■ **TASK TO COMPLETE**: Using the data beneath this instruction, retype only the lines from the one that contains "大公文匯全媒體報道,1月17" down to the one that contains "The only thing", both included, exactly as they appear.

■ **TASK INPUTS**:

Start of Block

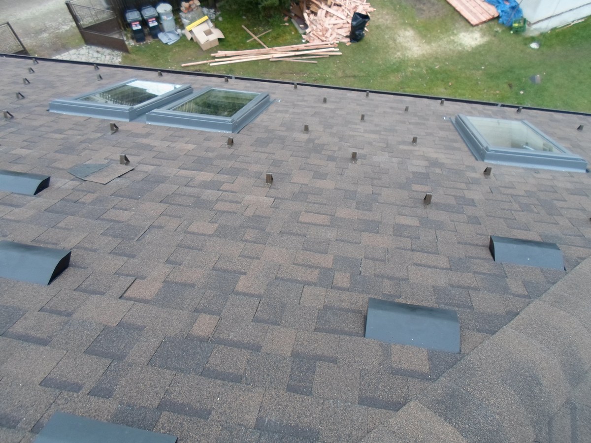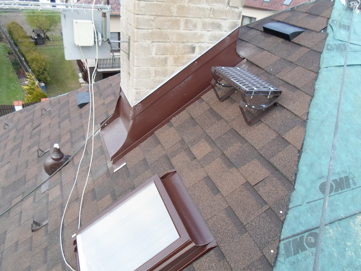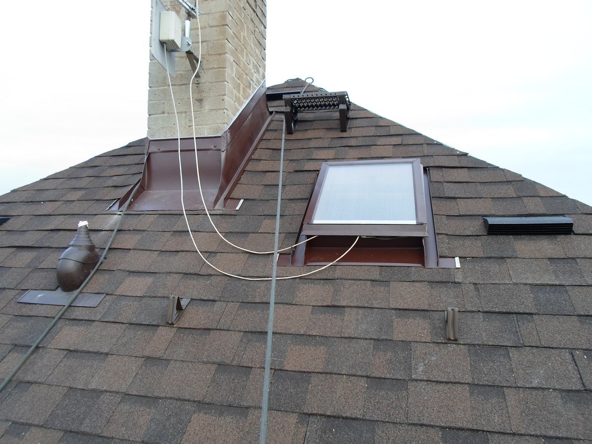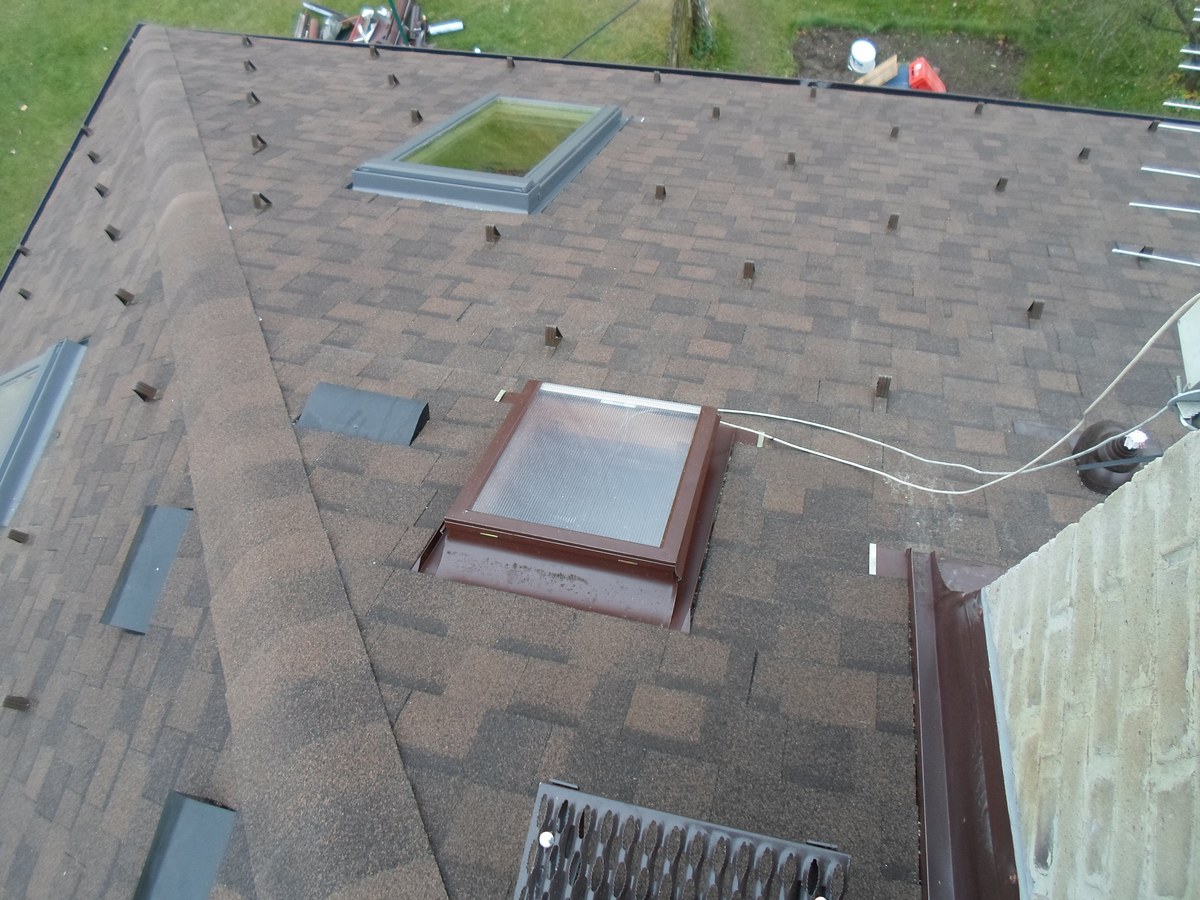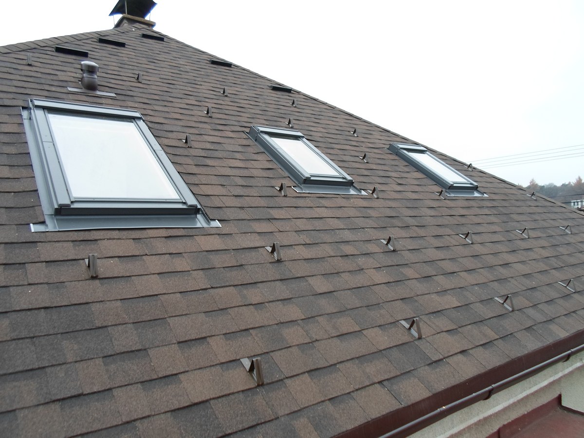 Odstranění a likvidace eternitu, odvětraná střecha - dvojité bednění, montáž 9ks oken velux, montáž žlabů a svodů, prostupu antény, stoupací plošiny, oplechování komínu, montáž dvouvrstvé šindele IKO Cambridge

End of Block
Start of Block

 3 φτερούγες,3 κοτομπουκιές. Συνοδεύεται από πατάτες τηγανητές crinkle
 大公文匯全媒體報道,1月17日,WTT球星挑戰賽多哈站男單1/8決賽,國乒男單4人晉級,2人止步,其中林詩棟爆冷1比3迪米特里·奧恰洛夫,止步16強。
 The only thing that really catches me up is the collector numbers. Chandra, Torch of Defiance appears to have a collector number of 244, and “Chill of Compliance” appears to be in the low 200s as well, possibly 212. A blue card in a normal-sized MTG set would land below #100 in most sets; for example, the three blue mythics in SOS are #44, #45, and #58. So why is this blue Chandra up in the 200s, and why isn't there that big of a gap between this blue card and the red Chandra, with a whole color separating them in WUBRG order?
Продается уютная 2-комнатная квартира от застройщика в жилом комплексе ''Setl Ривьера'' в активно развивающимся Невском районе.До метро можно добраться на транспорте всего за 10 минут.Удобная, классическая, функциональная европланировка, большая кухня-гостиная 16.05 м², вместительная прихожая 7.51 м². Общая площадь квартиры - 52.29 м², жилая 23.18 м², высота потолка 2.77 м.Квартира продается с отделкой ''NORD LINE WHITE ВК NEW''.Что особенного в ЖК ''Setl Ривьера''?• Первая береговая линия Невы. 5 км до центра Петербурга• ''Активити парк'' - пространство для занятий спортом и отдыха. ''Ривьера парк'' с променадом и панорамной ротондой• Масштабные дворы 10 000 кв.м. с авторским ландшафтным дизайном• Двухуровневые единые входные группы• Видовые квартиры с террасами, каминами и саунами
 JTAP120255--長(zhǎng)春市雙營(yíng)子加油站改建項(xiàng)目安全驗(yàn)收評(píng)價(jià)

End of Block
Start of Block

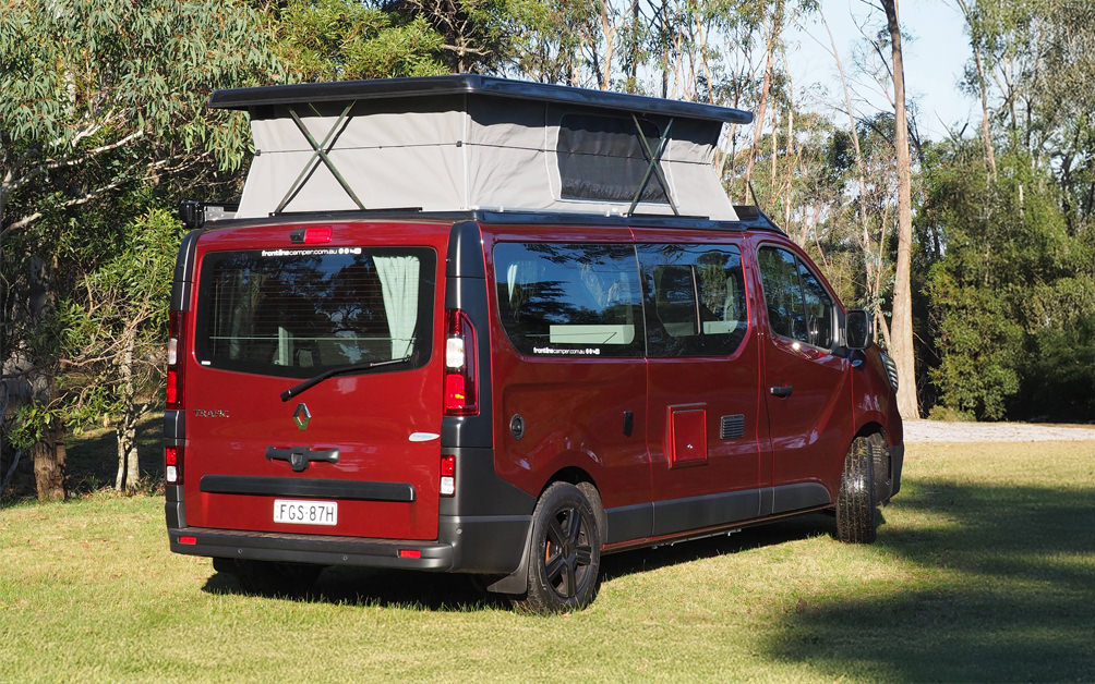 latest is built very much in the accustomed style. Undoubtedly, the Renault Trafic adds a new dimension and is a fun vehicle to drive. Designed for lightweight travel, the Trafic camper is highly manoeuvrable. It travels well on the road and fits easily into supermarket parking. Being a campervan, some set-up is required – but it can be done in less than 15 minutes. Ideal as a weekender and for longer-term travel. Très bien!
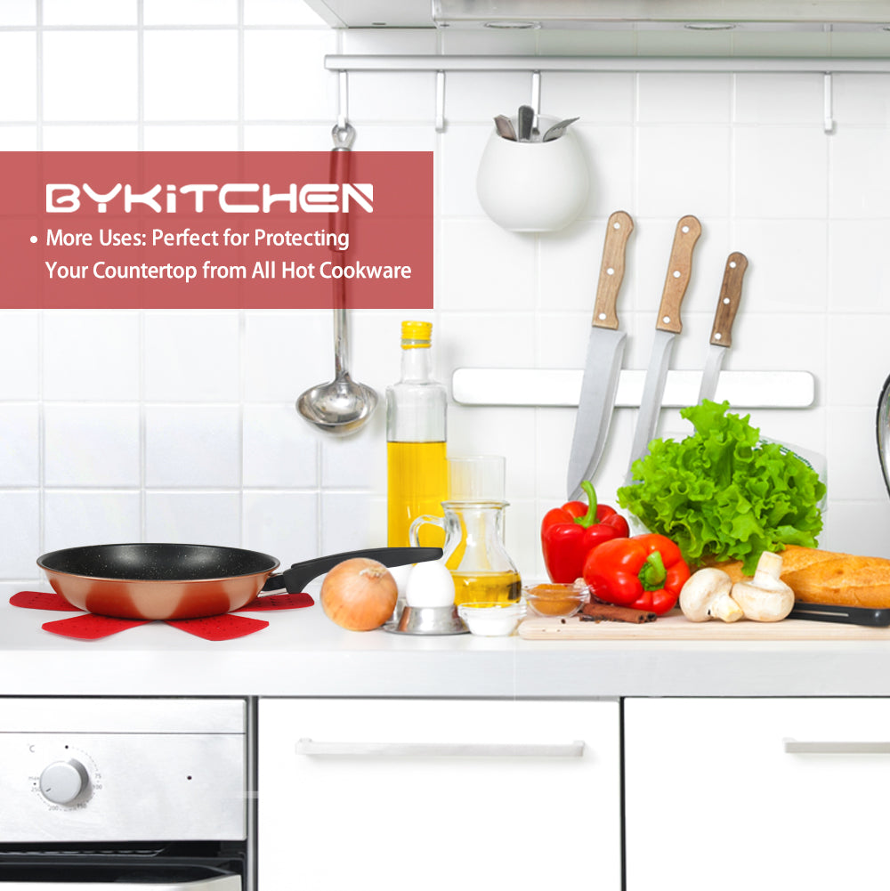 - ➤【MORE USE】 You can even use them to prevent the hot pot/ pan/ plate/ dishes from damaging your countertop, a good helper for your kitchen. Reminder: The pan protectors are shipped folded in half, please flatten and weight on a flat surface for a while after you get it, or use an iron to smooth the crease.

End of Block

■ **COMPLETED EXERCISE**:
 大公文匯全媒體報道,1月17日,WTT球星挑戰賽多哈站男單1/8決賽,國乒男單4人晉級,2人止步,其中林詩棟爆冷1比3迪米特里·奧恰洛夫,止步16強。
 The only thing that really catches me up is the collector numbers. Chandra, Torch of Defiance appears to have a collector number of 244, and “Chill of Compliance” appears to be in the low 200s as well, possibly 212. A blue card in a normal-sized MTG set would land below #100 in most sets; for example, the three blue mythics in SOS are #44, #45, and #58. So why is this blue Chandra up in the 200s, and why isn't there that big of a gap between this blue card and the red Chandra, with a whole color separating them in WUBRG order?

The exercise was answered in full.